Promotions · Primly Community

getting promoted as an ops generalist when the company doesn't have a clear leveling ladder

nonprofit_nia · 4 replies

this is for the ops people, biz ops people, and anyone else at a company where the engineering promotion process is well-documented and everything else is a mystery.

i spent 3 years at a nonprofit and 2 years at a 60-person SaaS company. neither had a real leveling framework. which means promotion conversations were weird and subjective in a specific way.

the problem with unstructured leveling

when there's no ladder, you can't point to a rubric. you have to argue from market data and business value. this is actually not that different from engineering promo conversations but the levers are different.

for ops roles in 2026, the frame that works is: what decisions is the company now able to make that they couldn't make before, and are those decisions going up in ambiguity/stakes over time?

if you're the one who implemented the first real forecast model and now the exec team makes headcount decisions based on it, that's senior ops work regardless of what your title says.

how I structured my case

i pulled market salary data for 'Senior BizOps Manager' in my metro (SF Bay, remote-blended comps skewed this but I used Levels.fyi and LinkedIn salary where available). my current comp was 18% below market for the responsibility I was carrying.

then I listed three decisions that went through me in the last quarter that previously would have escalated to my manager. operational leverage is the clearest proxy for scope in an ops role.

what worked

being direct. i said: 'i'm doing senior work at a mid-level comp. i want to fix that this cycle, not next year.' my manager's response was to ask for a written case. i gave them the market data, the decision list, and two paragraphs of framing.

approved within two weeks. no formal packet, no calibration committee, just a manager who needed something to show their VP.
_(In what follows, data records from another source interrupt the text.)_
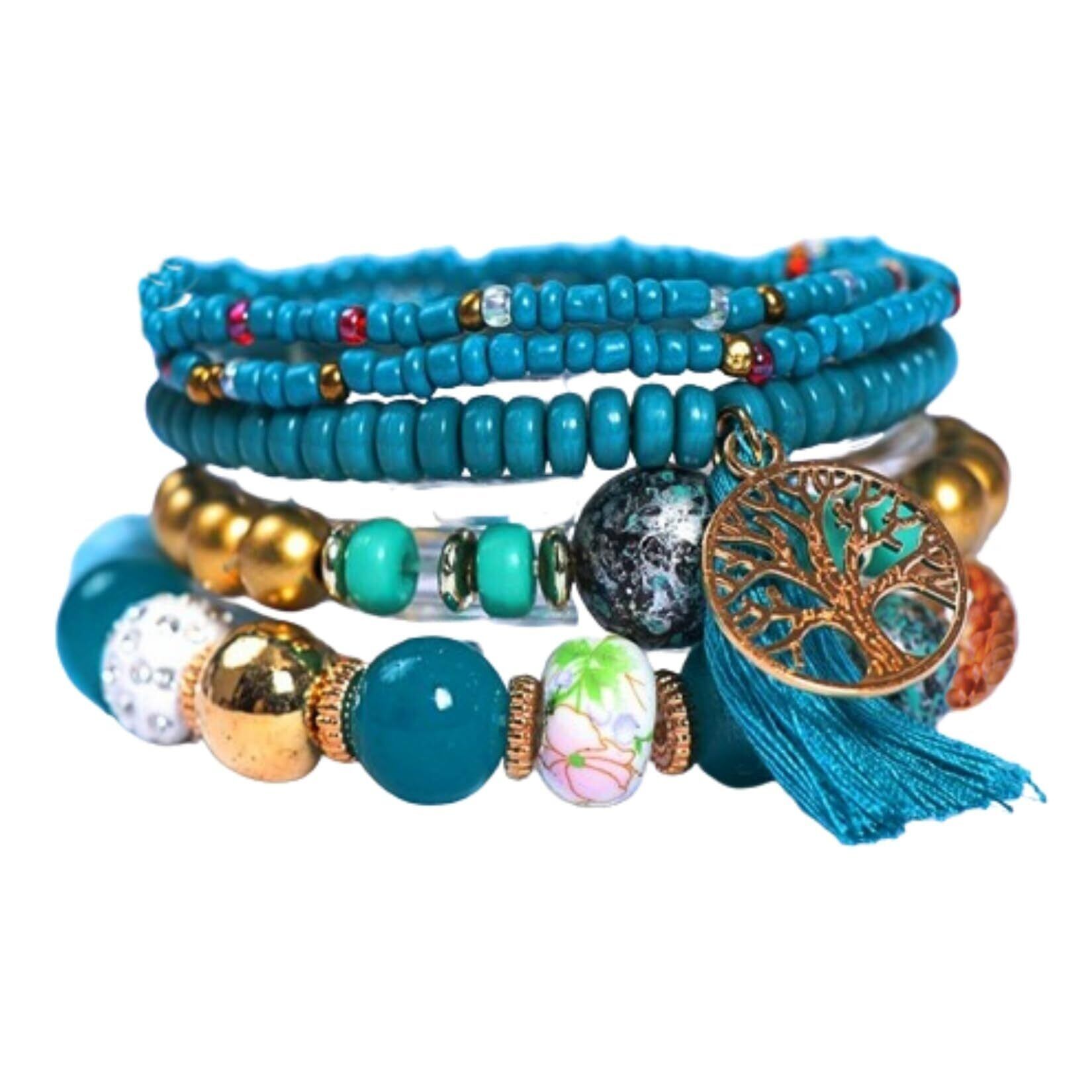 ターコイズカラーがきれいで、目を惹く、異素材パーツのデザインが特徴のブレスレットは手首まわりをおしゃれに可愛くしてくれるアイテムです。
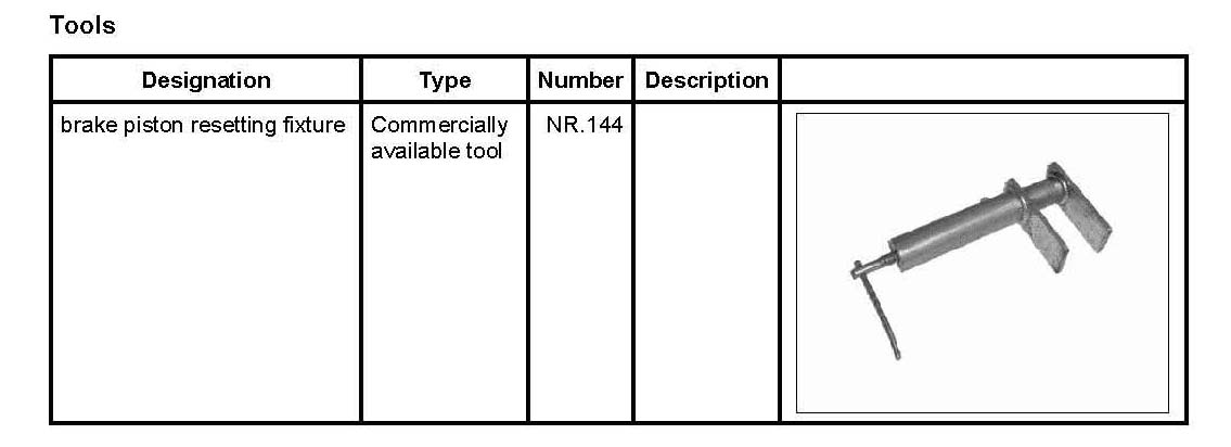 2. If necessary, push the brake pistons back into their original position using the brake piston resetting fixture NR.144.
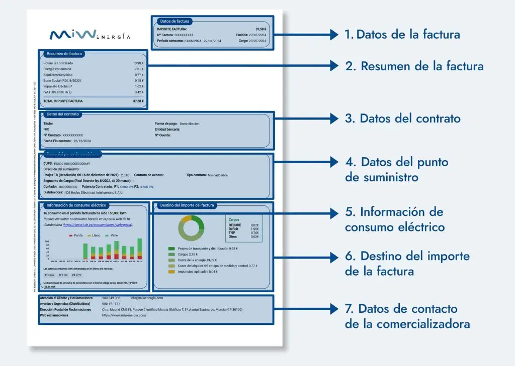 En caso de que tengas batería virtual, las partes de la factura de luz serán las mismas, aunque varían un poco algunas secciones al añadirse otros conceptos.

what might not work for you

if your manager isn't your ally, skip the skip-level approach unless you have a real relationship there. at small companies the org is flat enough that going around your manager is visible in a way that it isn't at big tech.

4 replies

ops_omar

the 'decisions that escalated to me vs. to my manager' framing is genuinely useful. i've been describing my work in terms of projects but decisions is cleaner. decisions imply judgment and ownership in a way that projects don't.

growth_gabe

for what it's worth the market data approach works in PM too. I used levels.fyi and a few linkedin salary posts in my promo conversation and it shifted the conversation from 'are you ready' to 'what's the right title for what you're doing.' subtle but real difference.

pivot_pat

did you feel weird pulling out market data like that? i'm always worried it comes across as a threat rather than a case.

nonprofit_nia

a little, honestly. the framing that helped me was: 'i'm not shopping this around, i'm sharing data because I want to solve this here.' if the manager is reasonable they appreciate the transparency. if they respond badly to market data... that's a signal about whether to stay.